Former NY Regulator: Crypto Isn't the Reason Why Signature Bank Was Closed
The bank did not provide reliable and consistent data, said Maria Vullo, a former superintendent of the New York State Department of Financial Services.
New York State regulators did not shut down Signature Bank (SBNY) because of the firm’s crypto clients, said Maria Vullo, a former superintendent at the New York State Department of Financial Services (NYDFS).
The decision was “based upon whatever the data was with respect to the withdrawals by customers,” Vullo told CoinDesk TV’s “First Mover” on Friday.
On Sunday, New York-based Signature Bank closed its doors following action by state regulators in what appeared to be a preventive measure to reduce further contagion following the collapse of Silicon Valley Bank (SVB).
A joint statement by the Federal Reserve, Federal Depository Insurance Corporation (FDIC) and the U.S. Treasury Department said depositors at Signature Bank would be made whole.
According to Vullo, echoing recent comments by current Superintendent Adrienne Harris, Signature Bank did not provide reliable and consistent data, creating a significant crisis of confidence in the bank’s leadership.
“I don't think you close down a bank because of a policy reason, you do because its risk management or its financial picture is unsafe and unsound,” said Vullo, who served as NYDFS superintendent from 2016 to February 2019.
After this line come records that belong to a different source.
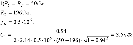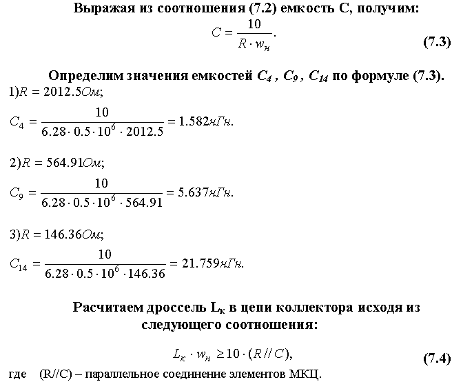 7 Расчет разделительных и блокировочных конденсаторов Рассчитаем разделительные конденсаторы по следующей формуле:
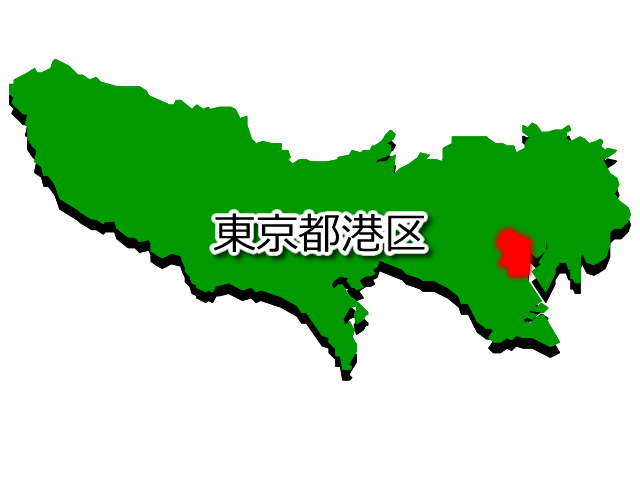 東京都東京都港区(とうきょうとみなとく)の場所を示す画像です。PNG透明形式ファイルです。
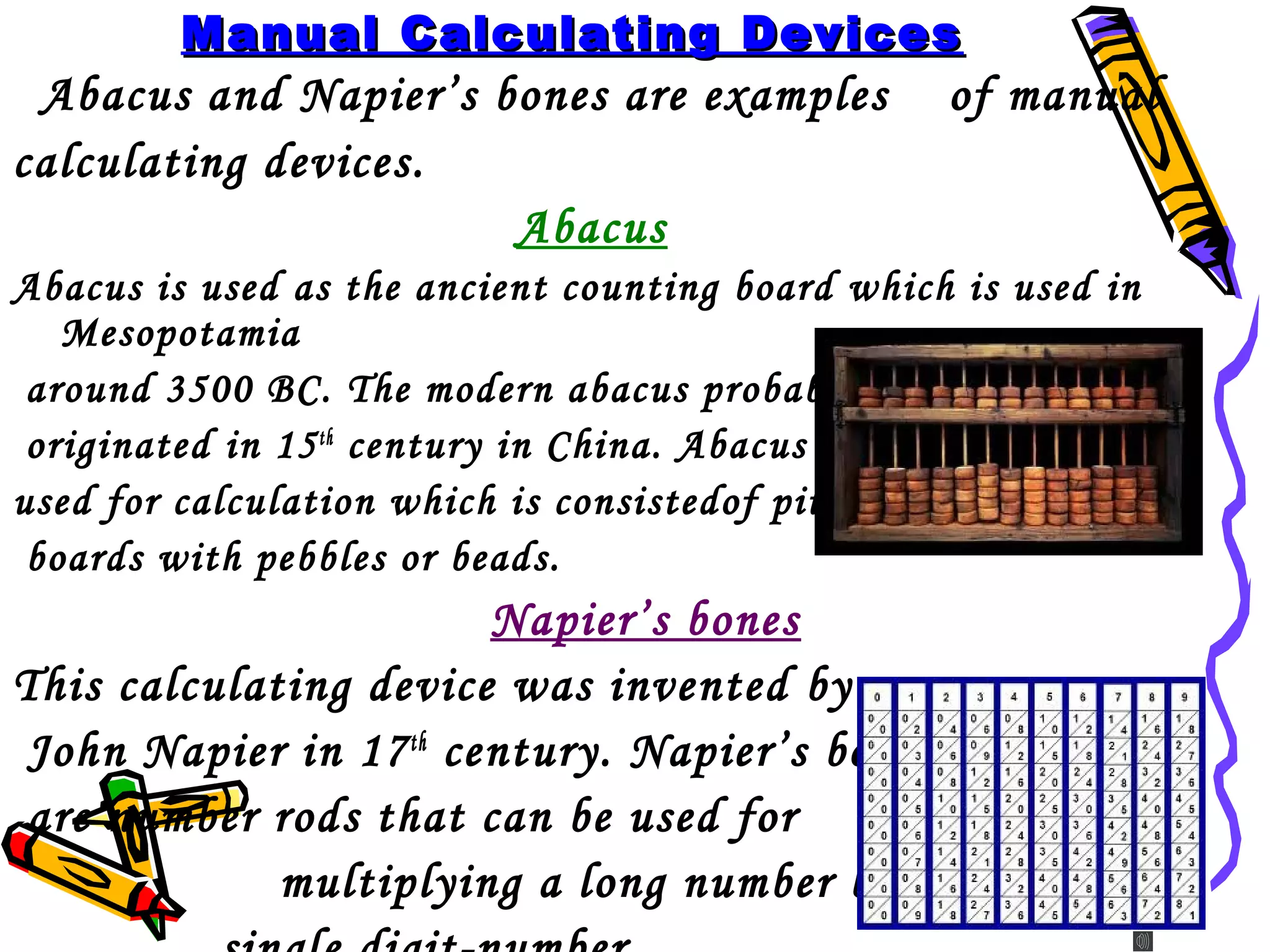 The document traces the evolution of computers from ancient manual calculating devices like the abacus and Napier's bones, to early electromechanical machines in the 17th-18th centuries developed by Pascal, Leibniz, and Babbage. It then discusses the development of programmable electromechanical computers in the mid-20th century like the Harvard Mark 1. The first electronic, digital computers that used vacuum tubes in the 1940s-1950s are also outlined, followed by the transition to transistors, integrated circuits, and microprocessors in subsequent generations from the 1950s to present.

She said Signature Bank “may have also suffered the consequences of contagion risks” that were ongoing following the closure of SVB just days earlier.
Nonetheless, the timing by regulators is significant, Vullo said. By quickly dealing with SVB and Signature, bank regulators were able to “send a very strong message to the public that the system is OK and that we're going to take care of depositors,” she said.
The latter was important, Vullo said, because it gave depositors a reason “to not pull out their money from other banks.”